## Exercise prompt
The whole listing that follows is to be restated word for word, images excluded.

## Stored data

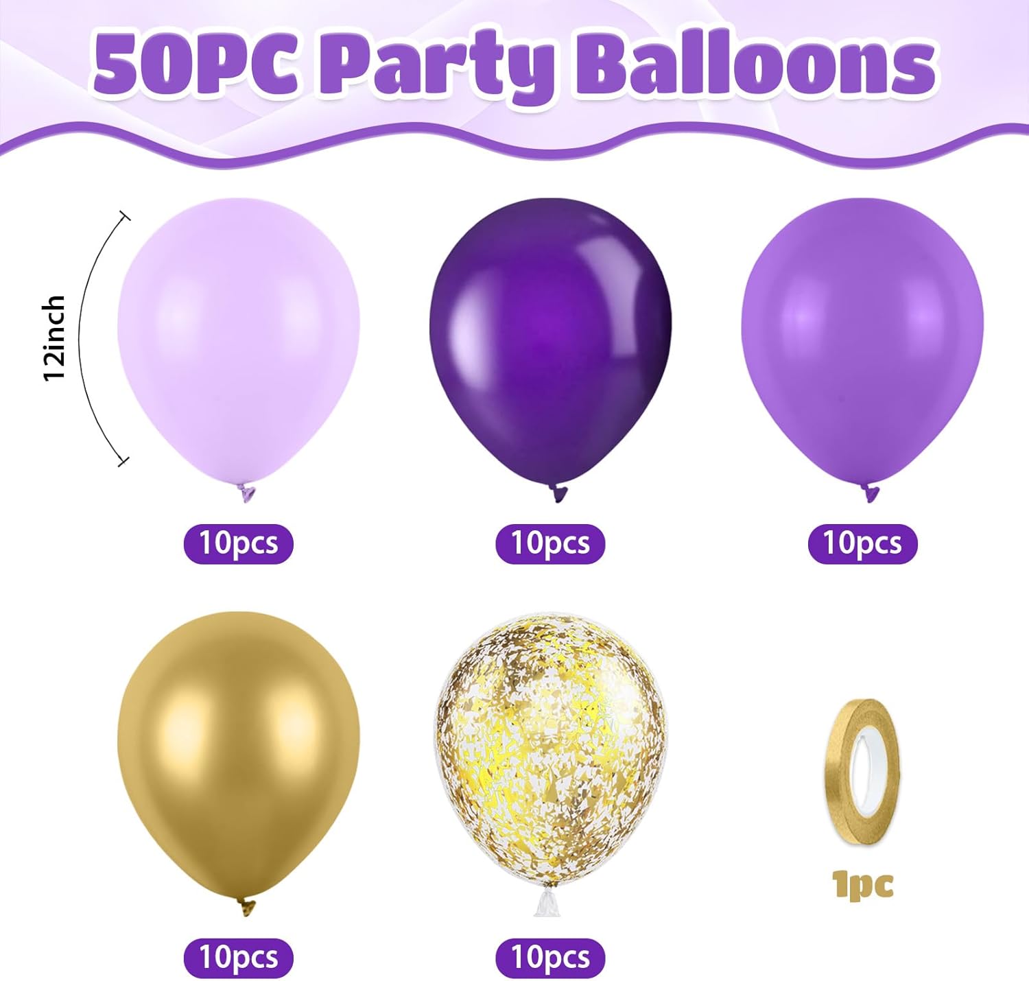 • Easy to Assemble: These purple and gold party balloons inflate easily and can be arranged into arches, garlands, or table centerpieces with minimal effort. The included ribbon allows for simple tying, stringing, or hanging—no complicated tools or professional skills needed. Great for party planners or DIY decorators alike who want results without a fuss.
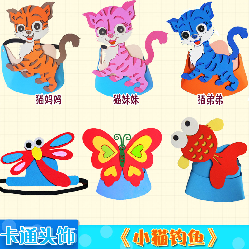 子猫釣り頭飾り道具蝶漫画頭カバートンボ帽子子供時計演出小魚動物帽子服
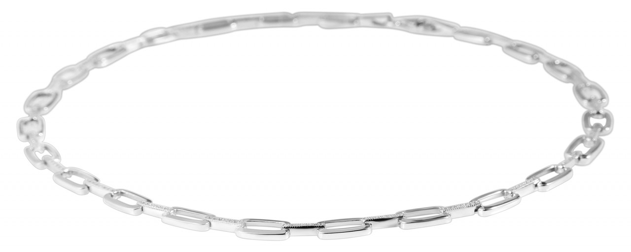 A corrente feita em prata esterlina 925. Tem comprimento de 45 cm, largura de 7 mm e espessura de 2 mm. É aberta e fechada com um mosquetão clássico e presa ao pescoço. Toda a cadeia de joias é banhada a ródio. Isso significa que ela é coberta por uma camada de metal precioso de alta qualidade que protege a joia de manchas. Além disso, o ródio realça o tom prateado e confere brilho perfeito. A característica especial do colar de prata é o formato especial dos elementos individuais. São compostos por elementos decorativos retangulares com cantos arredondados e fluem harmoniosamente entre si. Além disso, os fios entre os elos individuais da corrente são…

## Response to the exercise
 • Easy to Assemble: These purple and gold party balloons inflate easily and can be arranged into arches, garlands, or table centerpieces with minimal effort. The included ribbon allows for simple tying, stringing, or hanging—no complicated tools or professional skills needed. Great for party planners or DIY decorators alike who want results without a fuss.
 子猫釣り頭飾り道具蝶漫画頭カバートンボ帽子子供時計演出小魚動物帽子服
 A corrente feita em prata esterlina 925. Tem comprimento de 45 cm, largura de 7 mm e espessura de 2 mm. É aberta e fechada com um mosquetão clássico e presa ao pescoço. Toda a cadeia de joias é banhada a ródio. Isso significa que ela é coberta por uma camada de metal precioso de alta qualidade que protege a joia de manchas. Além disso, o ródio realça o tom prateado e confere brilho perfeito. A característica especial do colar de prata é o formato especial dos elementos individuais. São compostos por elementos decorativos retangulares com cantos arredondados e fluem harmoniosamente entre si. Além disso, os fios entre os elos individuais da corrente são…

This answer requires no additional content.